本書を「ちょい読み」で紹介するには気が引けるのだが、まだ丸ごと一冊読み終わっていないので、年末年始用に速報しておきたい。本書は今年最後のおススメ本になるかもしれない。それも飛び切りのおススメ本なのだ。山内・横井・宮本・荒川など魅力的な登場人物、それぞれのゲームタイトルとゲーム機のビジネス・ディテール、セレンディピティと戦略。素晴らしいビジネスケース・スタディに仕上がっている。MBAの授業で丸ごと使えそうだ。
いっぽうで本書は小説として読むこともできる。それもゲームの主人公が空を飛ぶようなスピード感で物語が進行するのだ。全24章の最後の数行を読むだけでもお判りになるであろう。
第2章の最後「もし山内が経験を積んだデザイナーにROM交換プロジェクトをやらせていたら、もし横井が宮本に好き放題にデザインさせていなかったら、もし宮本がストーリーを語るのではなく、単にゲーム作ろうとしたらーマリオがこんな風に生まれることは絶対になかった」そうだったのか!
第10章の最後「任天堂はライバル会社が少々マーケットシェアを増やしたぐらいでは動じなかった。さらに、準備中の次のマリオゲームがセガの野望を打ち砕くことになる」戦略なのか?
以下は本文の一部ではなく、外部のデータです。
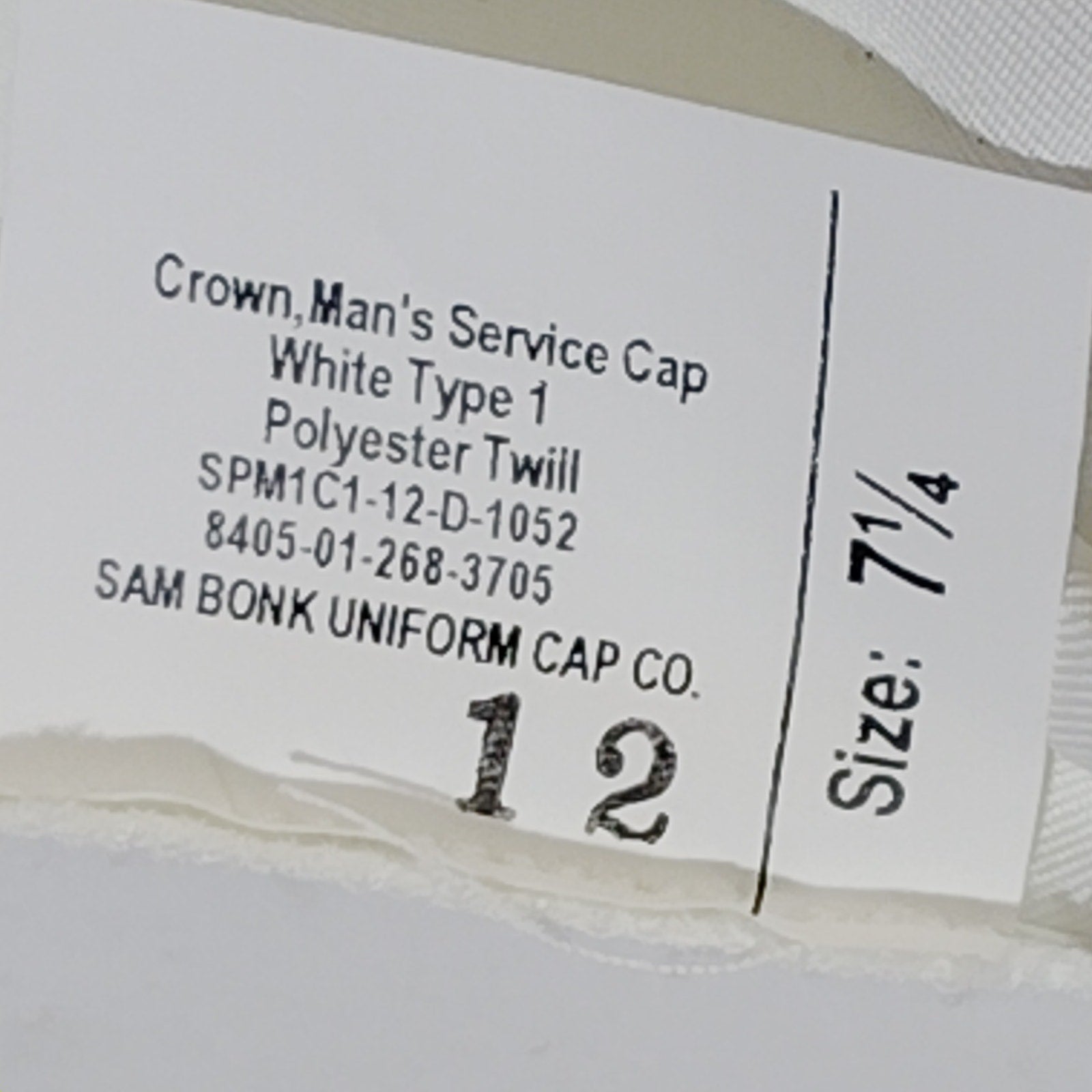 U.S. military issue white service cap crown, Type I, size 7-1/4, constructed from durable polyester twill. Manufactured by Sam Bonk Uniform Cap Co. under contract SPM1C1-12-D-1052, this crown meets MIL-C-18186D specifications and carries NSN 8405-01-268-3705. Designed to fit standard service cap frames, this removable crown is used in dress uniforms across Navy, Coast Guard, and ceremonial units. Crisp white finish with reinforced stitching and button attachment points. New old stock condition.
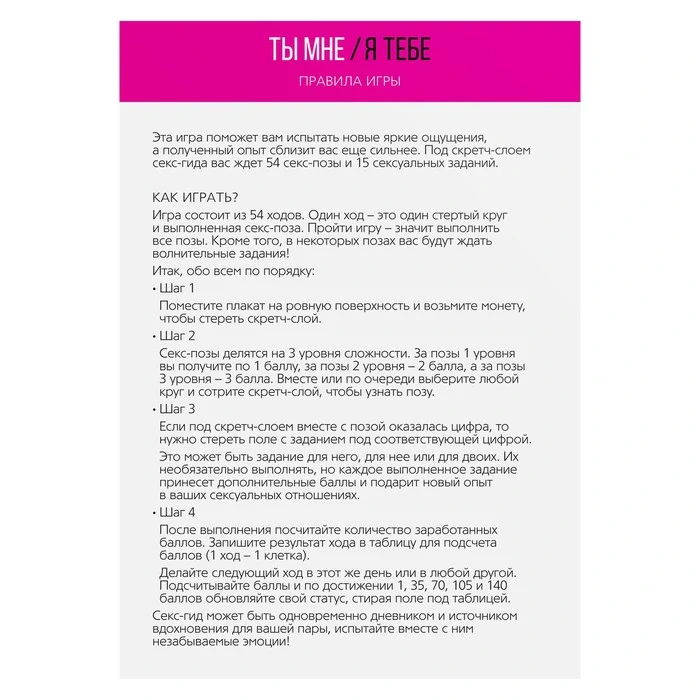 Ваш личный секс-гид. Эта игра поможет вам испытать новые яркие ощущения, а полученный опыт сблизит вас ещё сильнее.

第13章の最後「しかしその転換の1つが、任天堂にとって最大のライバルを生み出すきっかけになる―そしてそのライバルに任天堂を屈服させる技術をもたらすことになろうとは―この時の任天堂は知る由もなかった」わくわく!
第21章の最後「PSPは、今なお毎年ソニーに多くの収入をもたらしてくれる正統のゲーム機だ。だがそれは、流刑地のエルバ島で捲土重来の機会をうかがうナポレオンのようでもあった」ソニーはどうなるのだろう?
翻訳も素晴らしい。本書はビジネスケースとしても小説としても読むことができる。ビジネスマン、とりわけエンターテイメント関係者にとって冬休みの必読書かもしれない。